THE LATEST: On June 20, 2023, a coalition of the country’s leading medical organizations representing hundreds of thousands of physicians dedicated to improving the health and well-being of women and families—including the American College of Obstetricians and Gynecologists (ACOG), the American Medical Association (AMA), and the Society for Maternal-Fetal Medicine (SMFM)—filed a friend of the court brief in the Supreme Court of Ohio in support of clinicians’ ability to assert claims on behalf of patients seeking abortion care. The coalition urges the Court to affirm earlier rulings by Ohio courts on the standing doctors have to challenge laws that ban patient care.   

The case is Preterm-Cleveland v. Yost, a challenge to Ohio’s SB 23 which bans abortion starting at approximately six weeks of pregnancy. The coalition is represented by Democracy Forward Foundation and The Chandra Law Firm LLC. 

In the brief, the coalition provides the court with research and information regarding the closeness and significance of the patient-physician relationship, which courts have long recognized is sufficient to establish a physician’s standing to bring a challenge on behalf of her patient. Further, the brief details the numerous hindrances patients face in asserting their own rights in light of the circumstances brought by SB 23, including a lack of resources and stigma around abortion access. Likewise, failing to preserve abortion access in Ohio would “negatively impact the health and wellbeing of people in Ohio.”

BACKGROUND:

On September 2, 2022, a coalition of  physicians and medical care facilities challenged Ohio’s SB 23, a law banning abortion starting at approximately six weeks of pregnancy. The American Civil Liberties Union, the ACLU of Ohio, Planned Parenthood Federation of America, and WilmerHale filed this  lawsuit in the Hamilton County Court of Common Pleas on behalf of Preterm-Cleveland, Planned Parenthood Southwest Ohio, Planned Parenthood of Greater Ohio, Women’s Med Group Professional Corporation, Northeast Ohio Women’s Center d/b/a Toledo Women’s Center, and Dr. Sharon Liner, an individual abortion provider, to protect the right to abortion in Ohio under the Ohio Constitution. That court blocked SB 23 as the case proceeds through the court system so that abortion continues to be lawful in most cases in Ohio up to 21 weeks and six days gestation. 
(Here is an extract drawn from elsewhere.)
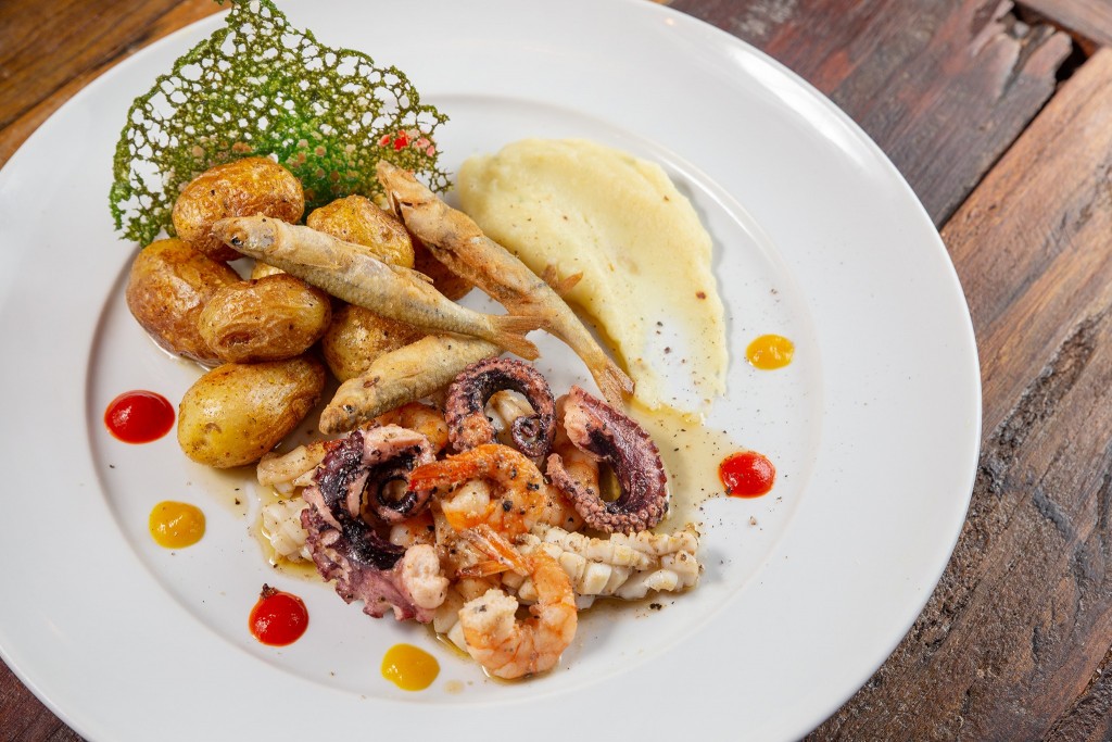 Polvo, lulas, camarões grelhados no azeite com manjubinhas crocantes, purê de limão siciliano e alecrim, batatas bravas e molho de pimentos morrones defumados. Um prato sofisticado, que reúne sabores e aromas clássicos da cozinha mediterrânea com ingredientes frescos.
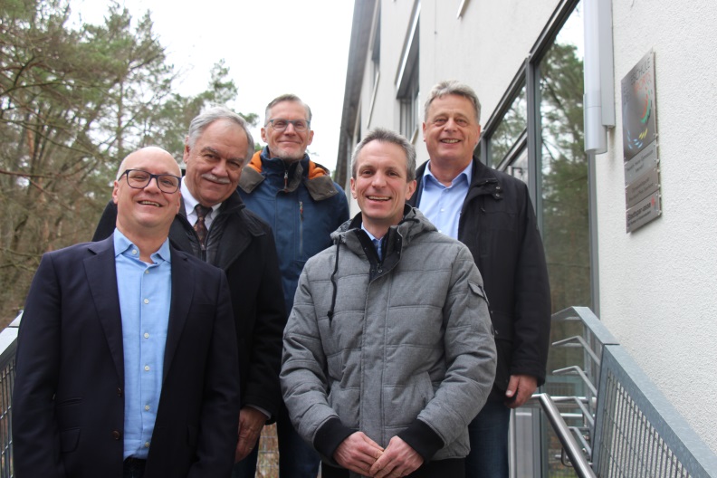 Gruppenfoto vor Internat I mit (v.l.n.r.) Olaf Röttig, Karl Peter Bruch, Josef Schüller, Jan Christmann und Dr. Ulrich Becker

The case is on appeal at the Supreme Court of Ohio, and the court is not currently considering the merits of the underlying claims at this stage. The questions before the court now are whether these physicians and medical care facilities have standing to bring this case on behalf of their patients’ interests, and whether the Ohio appeals court was correct in its determination that the State could not appeal the preliminary injunction in order to preserve the status quo of abortion access in Ohio.  

This question of standing has implications for both clinical practice and patient health.

Privacy, stigma, and cost concerns can hinder patients’ ability to advocate for their own constitutional rights to abortion care. These rights will not be properly defended unless physicians have standing to do so on their patients’ behalf. Any argument that there is not a “ close relationship” between clinicians and those seeking abortion care, or an assertion that those seeking care are not hindered in advocating for their own rights, is medically inaccurate and fails to appreciate clinical practice and patient experience.